▸ Task prompt:
Write out the listing below in full and exactly, leaving out every picture.
━━ Raw data ━━
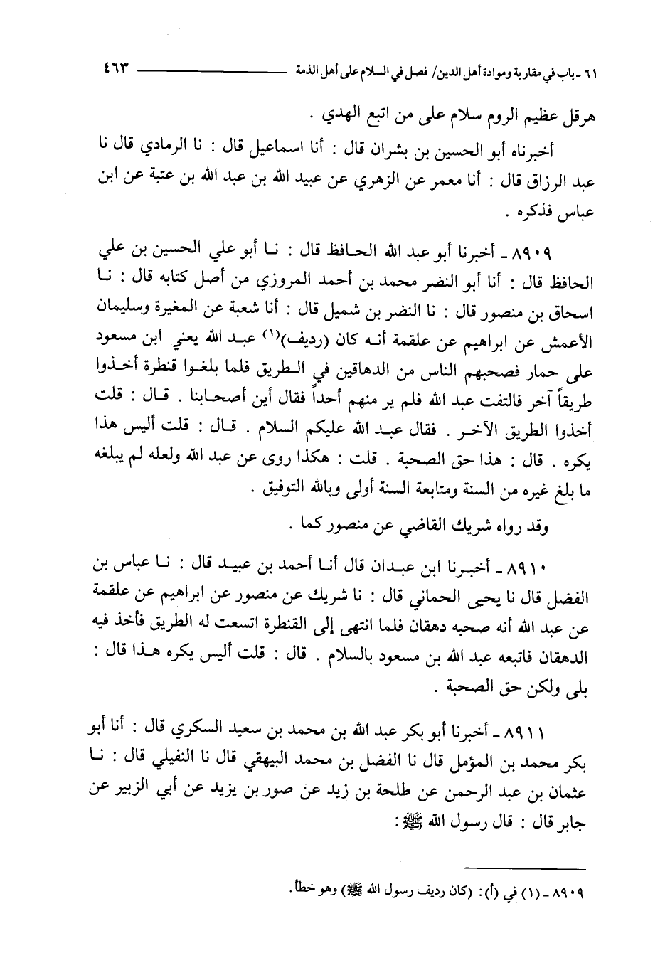 8909 - أخبرنا أبو عبد الله الحافظ قال : نا أبو علي الحسين بن علي الحافظ قال : أنا أبو النضر محمد بن أحمد المروزي من أصل كتابه قال : نا إسحاق بن منصور قال : نا النضر بن شميل قال : أنا شعبة عن المغيرة و سليمان الأعمش عن إبراهيم بن علقمة : أنه كان رديف عبد الله يعني ابن مسعود على حمار فصحبهم الناس من الدهاقين في الطريق فلما بلغوا قنطرة أخذوا طريقا آخر فالتفت عبد الله فلم ير منهم أحدا فقال أين أصحابنا قال : قلت أخذوا الطريق الآخر فقال عبد الله عليكم السلام قال : قلت أليس هذا يكره قال : هذا حق الصحبة قلت : هكذا روى عن عبد الله و لعله لم يبلغه ما بلغ غيره من السنة و متابعة السنة أولى و بالله التوفيق
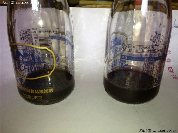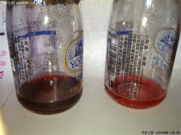 这个左边是第一次抽出来的。 黑得就像酱油,感觉也像酱油,没有油质的感觉。右边是第2-3加油后抽出来的,已经有点红色了。
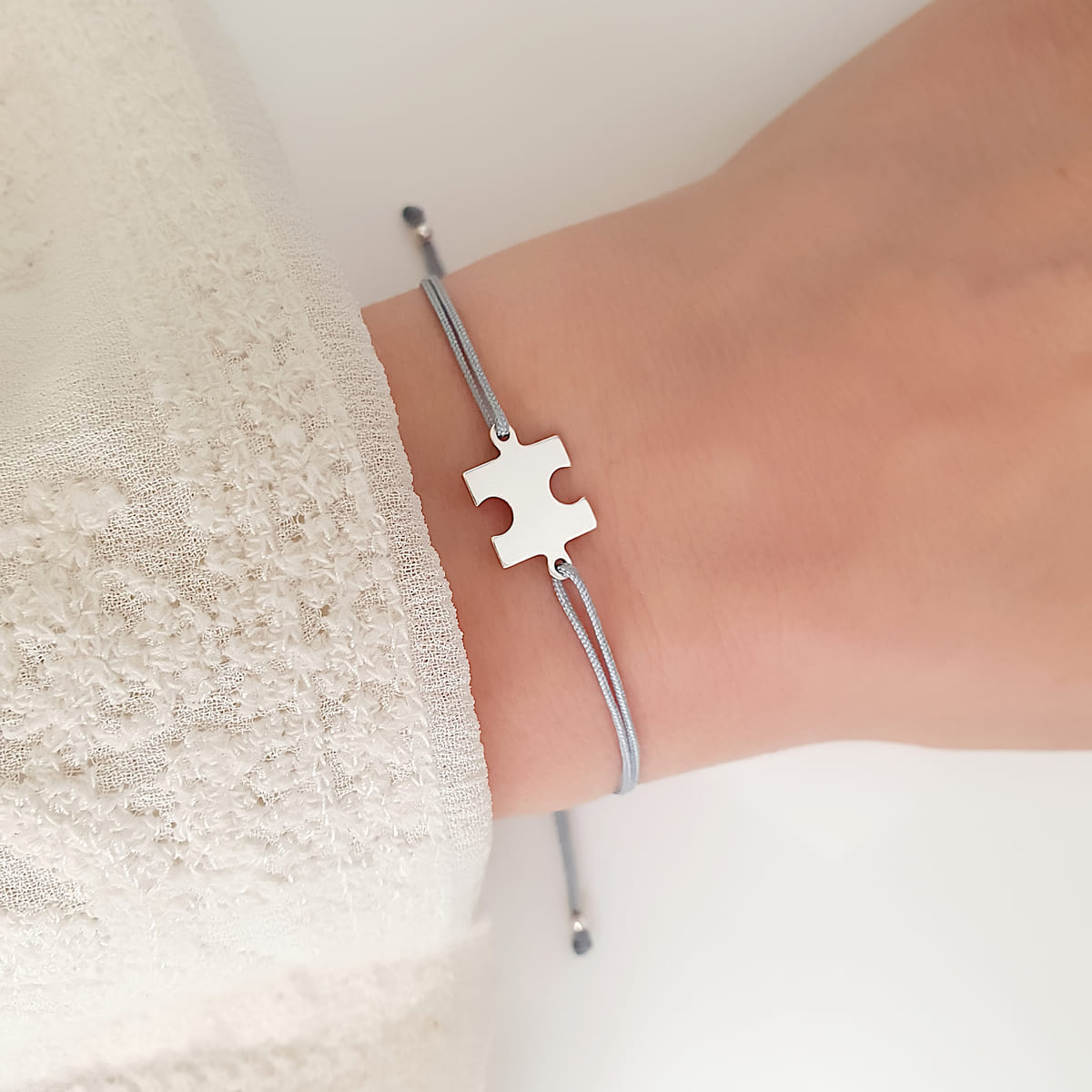 Zartes Armband in Grau mit einem 925 Silber Puzzlestück-Element.
━━━
▸ Response box:
 8909 - أخبرنا أبو عبد الله الحافظ قال : نا أبو علي الحسين بن علي الحافظ قال : أنا أبو النضر محمد بن أحمد المروزي من أصل كتابه قال : نا إسحاق بن منصور قال : نا النضر بن شميل قال : أنا شعبة عن المغيرة و سليمان الأعمش عن إبراهيم بن علقمة : أنه كان رديف عبد الله يعني ابن مسعود على حمار فصحبهم الناس من الدهاقين في الطريق فلما بلغوا قنطرة أخذوا طريقا آخر فالتفت عبد الله فلم ير منهم أحدا فقال أين أصحابنا قال : قلت أخذوا الطريق الآخر فقال عبد الله عليكم السلام قال : قلت أليس هذا يكره قال : هذا حق الصحبة قلت : هكذا روى عن عبد الله و لعله لم يبلغه ما بلغ غيره من السنة و متابعة السنة أولى و بالله التوفيق
 这个左边是第一次抽出来的。 黑得就像酱油,感觉也像酱油,没有油质的感觉。右边是第2-3加油后抽出来的,已经有点红色了。
 Zartes Armband in Grau mit einem 925 Silber Puzzlestück-Element.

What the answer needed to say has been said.